Kuala Kapuas, 16/9/2020 (Dayak News). Ary Egahni Benbrahim S Bahat yang kini anggota DPR RI Fraksi Nasdem Dapil Kalimantan Tengah (Kalteng), memang dikenal sebagai sosok yang sangat memperhatikan kehidupan masyarakat Dayak.
Ary yang juga merupakan anggota panitia kerja RUU Masyarakat Hukum Adat (MHA) di badan legislasi DPR RI itu selalu menyuarakan agar hak-hak masyarakat Dayak bisa terpenuhi.
Salah satu yang lantang Ary suarakan adalah tata cara kearifan lokal masyarakat Dayak dalam berladang.

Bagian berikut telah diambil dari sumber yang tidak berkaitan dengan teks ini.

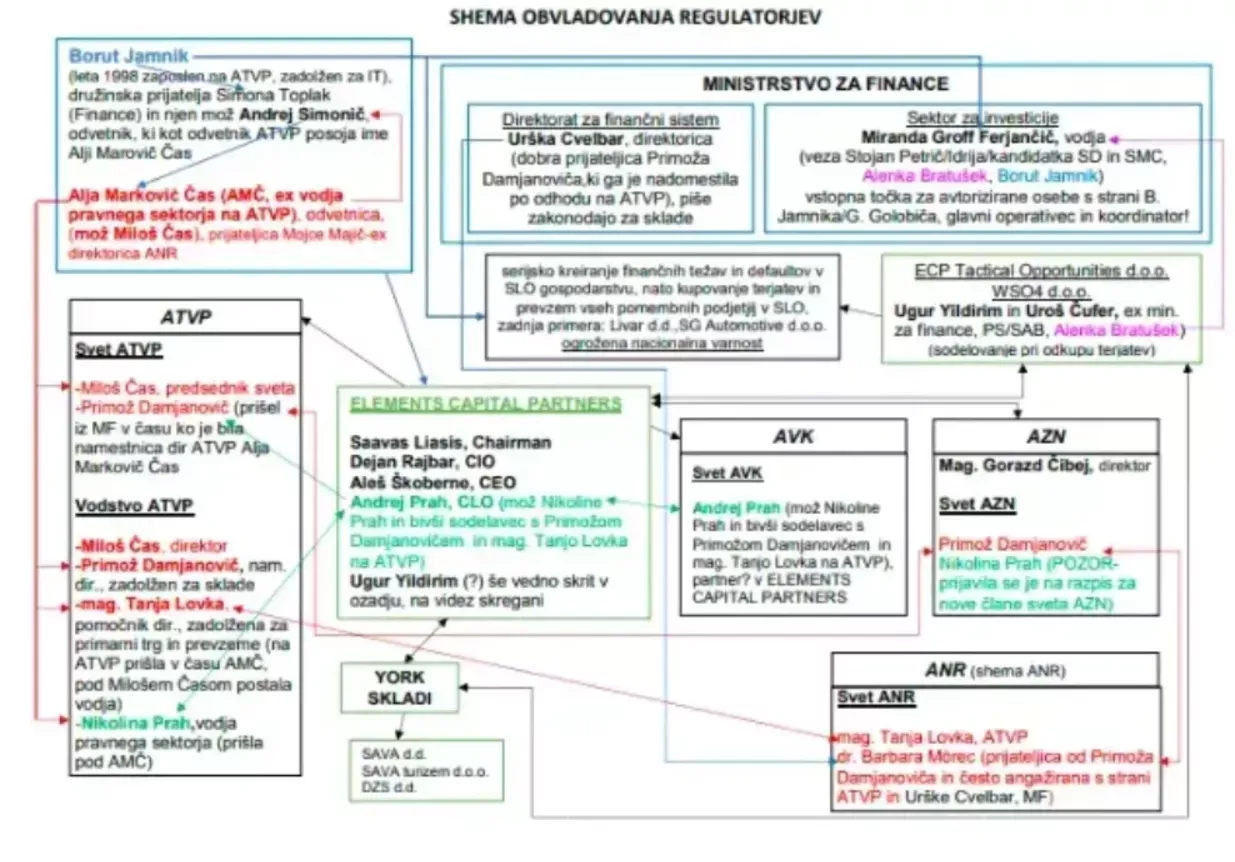 Shema, kako so akterji blizu sedanjega predsednika SID banke in nekdanjega dolgoletnega predsednika Modre zavarovalnice Boruta Jamnika prevzeli ključne pozicije v "neodvisnih regulatorjih." Ena izmed njih je bila tudi Alja Markovič Čas. (Foto: bralec Prava.si)

Mereka, kata Ary, biasa membuka lahan sebagai tempat berladang dengan cara membakar.
Menurutnya, kebiasaan masyarakat adat Dayak tersebut sudah ada sejak zaman Indonesia belum merdeka.
Bupati Kapuas, Benbrahim S. Bahat yang kini sedang menghadapi pertarungan merebut simpati hati rakyat untuk bisa menjadi Gubernur Kalimantan Tengah (Kalteng) periode 2021-2026 tampak jelas mendapat dukungan serius dari istrinya yang terlihat cantik dan cerdas ini.
Dalam percakapan Dayak News, Egahni menilai bahwa UU nomor 32 tahun 2009 tentang perlindungan dan pengelolaan lingkungan hidup tersebut perlu pengecualian.
Pada poin H dalam UU tersebut disebutkan, dilarang melakukan pembukaan lahan dengan cara dibakar.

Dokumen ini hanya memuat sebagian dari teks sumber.